Required action:
Please set down the data again exactly, minus the pictures.
*** Records for this exercise Section Begins ***
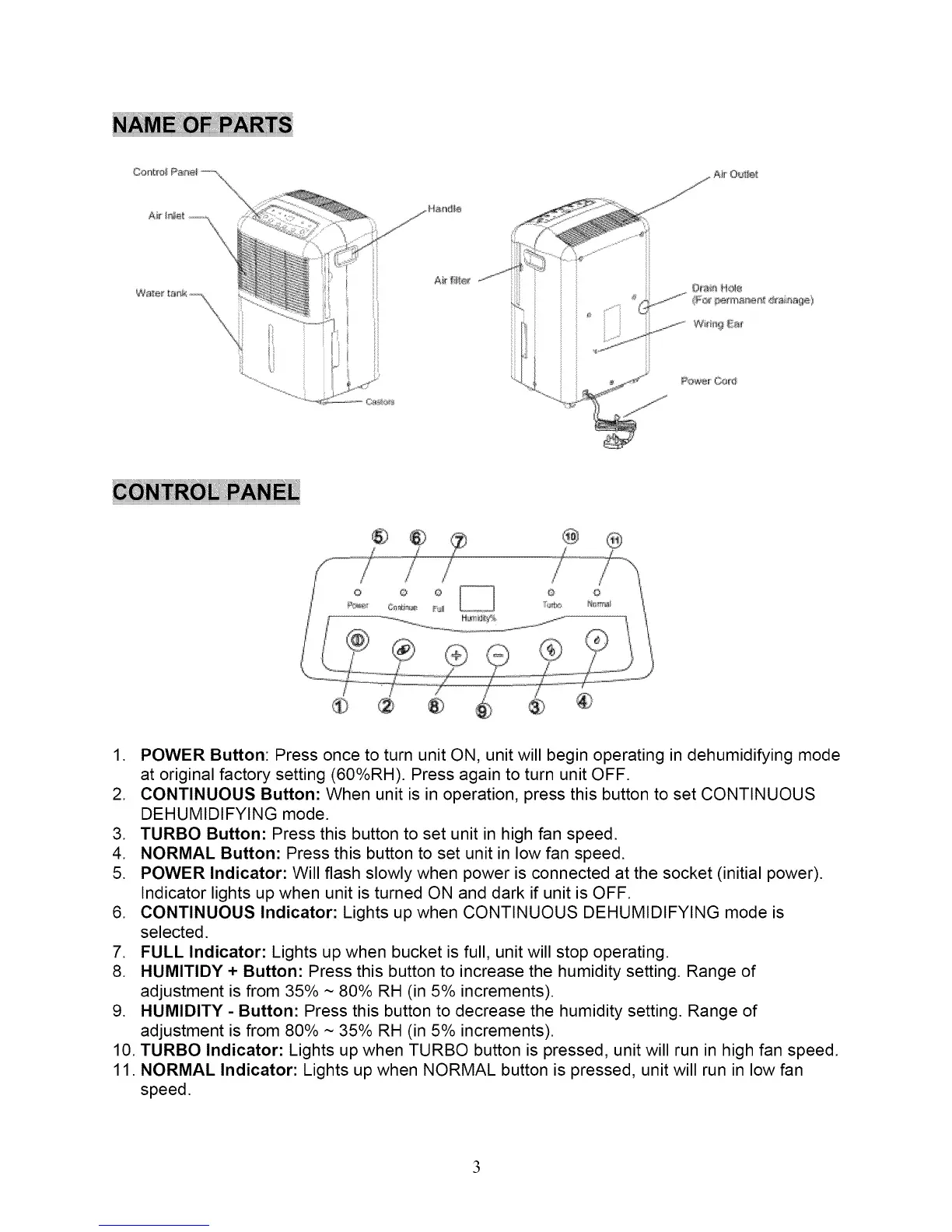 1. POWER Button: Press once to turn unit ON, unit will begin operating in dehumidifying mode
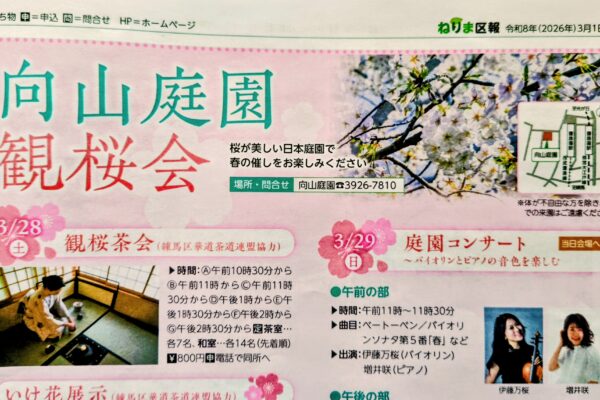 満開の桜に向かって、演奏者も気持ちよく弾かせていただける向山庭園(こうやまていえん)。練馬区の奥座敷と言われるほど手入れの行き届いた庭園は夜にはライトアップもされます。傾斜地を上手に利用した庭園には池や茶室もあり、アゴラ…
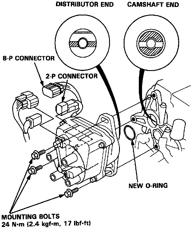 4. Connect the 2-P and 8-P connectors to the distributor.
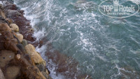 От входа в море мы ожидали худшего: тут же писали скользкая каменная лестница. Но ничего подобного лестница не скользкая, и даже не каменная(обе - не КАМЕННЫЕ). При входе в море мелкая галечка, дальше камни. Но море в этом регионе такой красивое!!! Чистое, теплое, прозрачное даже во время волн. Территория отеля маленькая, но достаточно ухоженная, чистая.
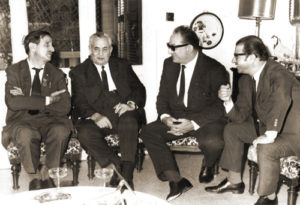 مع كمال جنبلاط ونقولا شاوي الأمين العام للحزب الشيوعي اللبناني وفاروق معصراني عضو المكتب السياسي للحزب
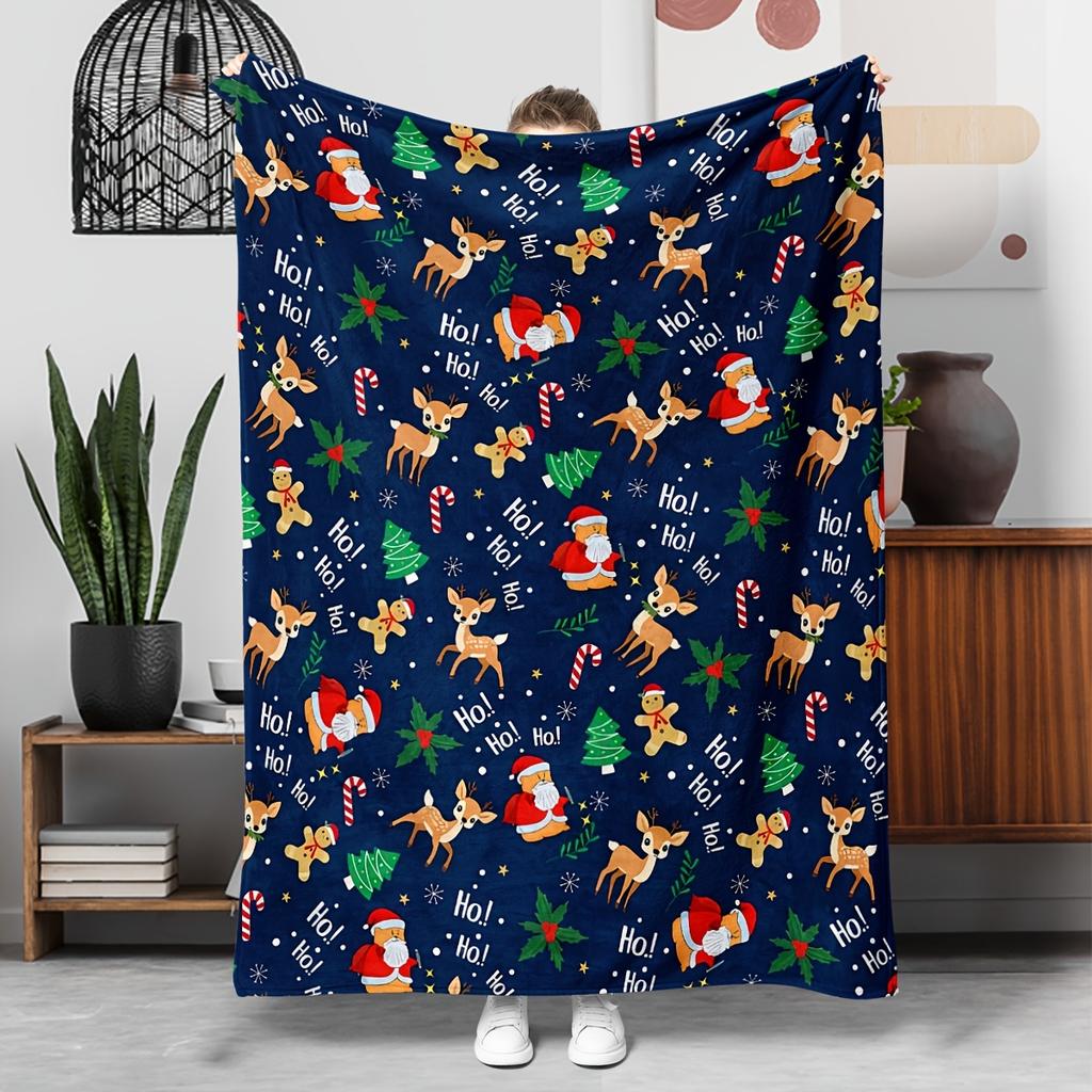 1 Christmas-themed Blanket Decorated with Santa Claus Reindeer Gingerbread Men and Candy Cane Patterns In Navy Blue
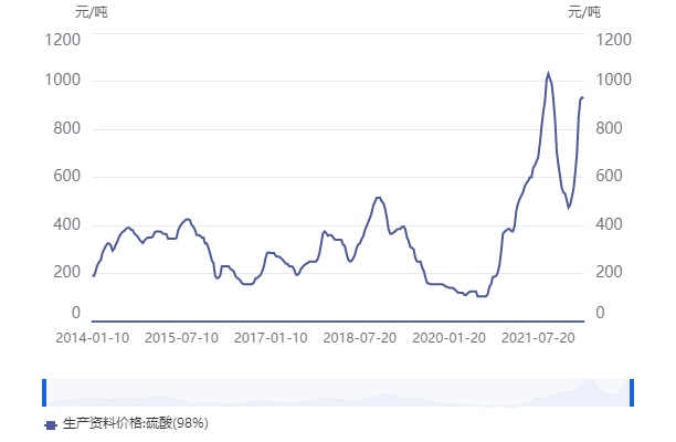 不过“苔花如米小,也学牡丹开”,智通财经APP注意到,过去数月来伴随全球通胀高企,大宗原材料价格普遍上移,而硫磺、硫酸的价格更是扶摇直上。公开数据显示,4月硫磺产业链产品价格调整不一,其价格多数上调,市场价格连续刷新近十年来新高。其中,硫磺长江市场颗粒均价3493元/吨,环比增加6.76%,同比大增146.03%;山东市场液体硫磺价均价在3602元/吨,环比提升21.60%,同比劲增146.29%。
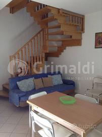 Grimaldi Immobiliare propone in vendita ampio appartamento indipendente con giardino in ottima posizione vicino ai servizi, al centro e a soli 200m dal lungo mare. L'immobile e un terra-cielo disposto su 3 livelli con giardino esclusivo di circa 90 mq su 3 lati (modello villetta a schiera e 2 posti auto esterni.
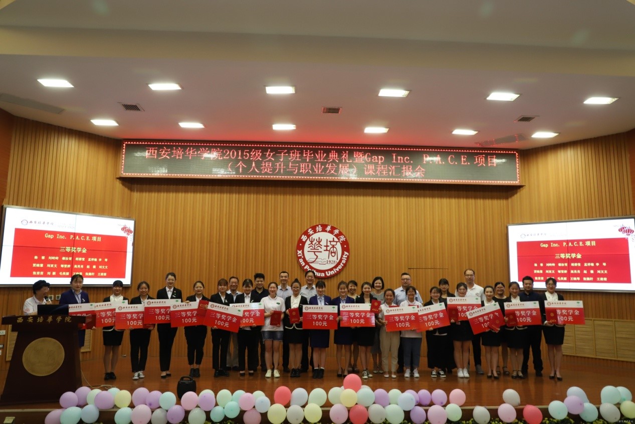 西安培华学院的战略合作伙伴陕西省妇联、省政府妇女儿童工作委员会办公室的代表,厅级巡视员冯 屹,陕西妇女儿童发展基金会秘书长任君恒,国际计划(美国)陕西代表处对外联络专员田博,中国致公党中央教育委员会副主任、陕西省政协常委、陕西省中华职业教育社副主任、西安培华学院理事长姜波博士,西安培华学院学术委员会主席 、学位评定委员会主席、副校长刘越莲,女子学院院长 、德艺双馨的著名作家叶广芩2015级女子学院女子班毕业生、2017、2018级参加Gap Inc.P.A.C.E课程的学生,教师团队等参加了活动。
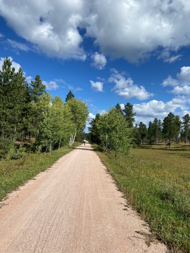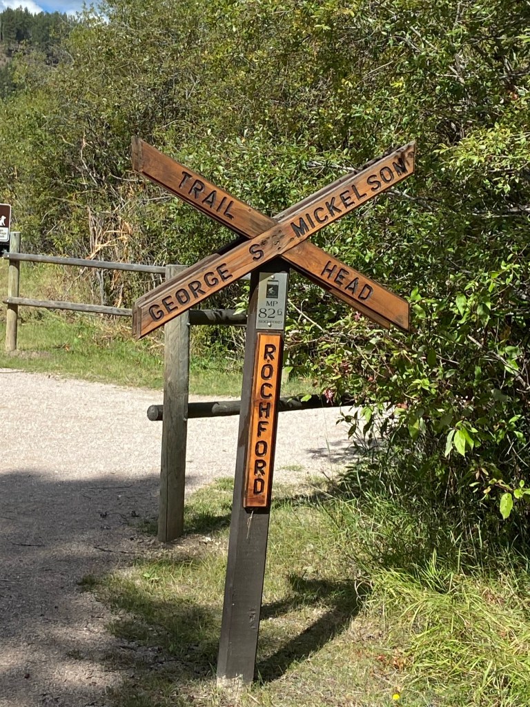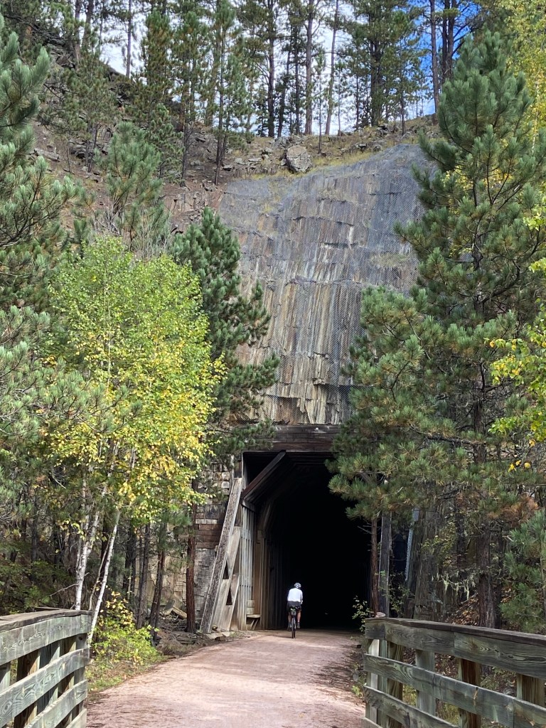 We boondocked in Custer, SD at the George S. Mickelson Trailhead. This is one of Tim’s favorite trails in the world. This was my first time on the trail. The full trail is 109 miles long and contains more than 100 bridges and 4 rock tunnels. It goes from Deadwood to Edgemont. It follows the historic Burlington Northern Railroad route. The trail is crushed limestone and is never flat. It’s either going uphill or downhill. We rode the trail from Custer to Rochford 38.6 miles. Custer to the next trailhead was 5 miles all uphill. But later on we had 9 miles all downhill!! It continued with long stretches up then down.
*** Records for this exercise Section Ends ***
Answer space:
 1. POWER Button: Press once to turn unit ON, unit will begin operating in dehumidifying mode
 満開の桜に向かって、演奏者も気持ちよく弾かせていただける向山庭園(こうやまていえん)。練馬区の奥座敷と言われるほど手入れの行き届いた庭園は夜にはライトアップもされます。傾斜地を上手に利用した庭園には池や茶室もあり、アゴラ…
 4. Connect the 2-P and 8-P connectors to the distributor.
 От входа в море мы ожидали худшего: тут же писали скользкая каменная лестница. Но ничего подобного лестница не скользкая, и даже не каменная(обе - не КАМЕННЫЕ). При входе в море мелкая галечка, дальше камни. Но море в этом регионе такой красивое!!! Чистое, теплое, прозрачное даже во время волн. Территория отеля маленькая, но достаточно ухоженная, чистая.
 مع كمال جنبلاط ونقولا شاوي الأمين العام للحزب الشيوعي اللبناني وفاروق معصراني عضو المكتب السياسي للحزب
 1 Christmas-themed Blanket Decorated with Santa Claus Reindeer Gingerbread Men and Candy Cane Patterns In Navy Blue
 不过“苔花如米小,也学牡丹开”,智通财经APP注意到,过去数月来伴随全球通胀高企,大宗原材料价格普遍上移,而硫磺、硫酸的价格更是扶摇直上。公开数据显示,4月硫磺产业链产品价格调整不一,其价格多数上调,市场价格连续刷新近十年来新高。其中,硫磺长江市场颗粒均价3493元/吨,环比增加6.76%,同比大增146.03%;山东市场液体硫磺价均价在3602元/吨,环比提升21.60%,同比劲增146.29%。
 Grimaldi Immobiliare propone in vendita ampio appartamento indipendente con giardino in ottima posizione vicino ai servizi, al centro e a soli 200m dal lungo mare. L'immobile e un terra-cielo disposto su 3 livelli con giardino esclusivo di circa 90 mq su 3 lati (modello villetta a schiera e 2 posti auto esterni.
 西安培华学院的战略合作伙伴陕西省妇联、省政府妇女儿童工作委员会办公室的代表,厅级巡视员冯 屹,陕西妇女儿童发展基金会秘书长任君恒,国际计划(美国)陕西代表处对外联络专员田博,中国致公党中央教育委员会副主任、陕西省政协常委、陕西省中华职业教育社副主任、西安培华学院理事长姜波博士,西安培华学院学术委员会主席 、学位评定委员会主席、副校长刘越莲,女子学院院长 、德艺双馨的著名作家叶广芩2015级女子学院女子班毕业生、2017、2018级参加Gap Inc.P.A.C.E课程的学生,教师团队等参加了活动。
 We boondocked in Custer, SD at the George S. Mickelson Trailhead. This is one of Tim’s favorite trails in the world. This was my first time on the trail. The full trail is 109 miles long and contains more than 100 bridges and 4 rock tunnels. It goes from Deadwood to Edgemont. It follows the historic Burlington Northern Railroad route. The trail is crushed limestone and is never flat. It’s either going uphill or downhill. We rode the trail from Custer to Rochford 38.6 miles. Custer to the next trailhead was 5 miles all uphill. But later on we had 9 miles all downhill!! It continued with long stretches up then down.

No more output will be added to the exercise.